I tried the file you sent to me. It worked without any errors.

➜ gawk -i inplace -v inplace::suffix='.bkp' 'FNR==NR {dict[$1]=$2; next} {$1=($1 in dict) ? dict[$1] : $1}1' 3M-february-2018.txt quants_mat_rows.txt
➜  which gawk
/opt/homebrew/bin/gawk
➜  gawk --version
GNU Awk 5.2.2, API 3.2, (GNU MPFR 4.2.0-p12, GNU MP 6.2.1)

If possible, could you please run

gawk -i inplace -v inplace::suffix='.bkp' 'FNR==NR {dict[$1]=$2; next} {$1=($1 in dict) ? dict[$1] : $1}1' 3M-february-2018.txt.bkp quants_mat_rows.txt.bkp directly in your terminal?

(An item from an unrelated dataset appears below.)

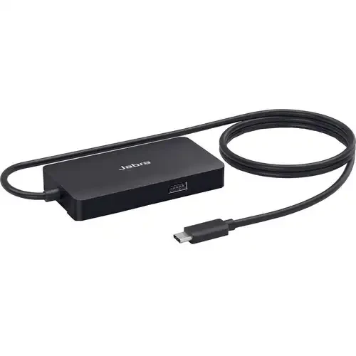 The Jabra PanaCast USB Type-C Hub is a smart and adaptable connection solution that has been painstakingly designed to streamline and enhance your workflow. This hub, designed for use with USB Type-C-equipped systems, acts as a centralized hub for connecting peripherals such as the Jabra PanaCast and Jabra Speak devices, reducing cable clutter associated with various connections. Two USB Type-A ports are provided for diverse peripheral connections, one USB Type-C connector is provided for contemporary devices, one RJ45 port is provided for high-speed Ethernet connectivity, and one HDMI port is provided for smooth video output. The USB Type-C and Type-A connectors have USB 3.0 super speed capabilities, with a 5Gbps communication rate. This guarantees that data is sent quickly and efficiently between the hub and any attached peripherals, improving overall system performance and responsiveness. The hub's HDMI connector supports resolutions of up to 4Kx2K@30Hz, providing a visually engaging experience for things like video conferences, presentations, and multimedia consumption. The high-definition output assures clarity and precision, leading to an engaging and professional user experience. The hub's flexibility is enhanced with VGA compatibility with resolutions up to 1920x1200@60Hz. This capability allows for a wide range of display options, making it compatible with older monitors or projectors that may not support HDMI. The Jabra PanaCast USB Type-C Hub is more than just a connection; it's a complete solution designed to improve workplace productivity and functionality. Its intelligent design, along with modern capabilities like high-speed USB 3.0, 4K HDMI output, and VGA compatibility, makes it a vital tool for professionals who want a smooth, high-performance communication experience.

To find the two files used in the above command, you can go to /Users/wanisd/simpleaf_workdir/workflow_output/workflow_execution_log.json, locate the json fields for step 5 (using /"Step": 10 in less for example), and the path of the two files will show up there. Notice that because we used in place, you need to add .bkp at the end of each file as the original file had been modified.

Thanks!

DongzeHE commented 1 year ago

Hi @wanisajad,

Please let me know if you still have trouble running the command. Thanks.

Best, Dongze

wanisajad commented 11 months ago

Hi Dongze, Sorry I think I am missing something. I am not able to see "quants_mat_rows.txt" or "quants_mat_rows.txt.bkp" workflow_output % ls 3M-february-2018.txt 3M-february-2018.txt.gz 3M-february-2018.txt.bkp gene_expression

DongzeHE commented 11 months ago

Hi @wanisajad,

The layout of the output folder is the same as the layout defined in the workflow. So if you go gene_expression -> simpleaf_quant -> af_quant -> alevin, you will see it.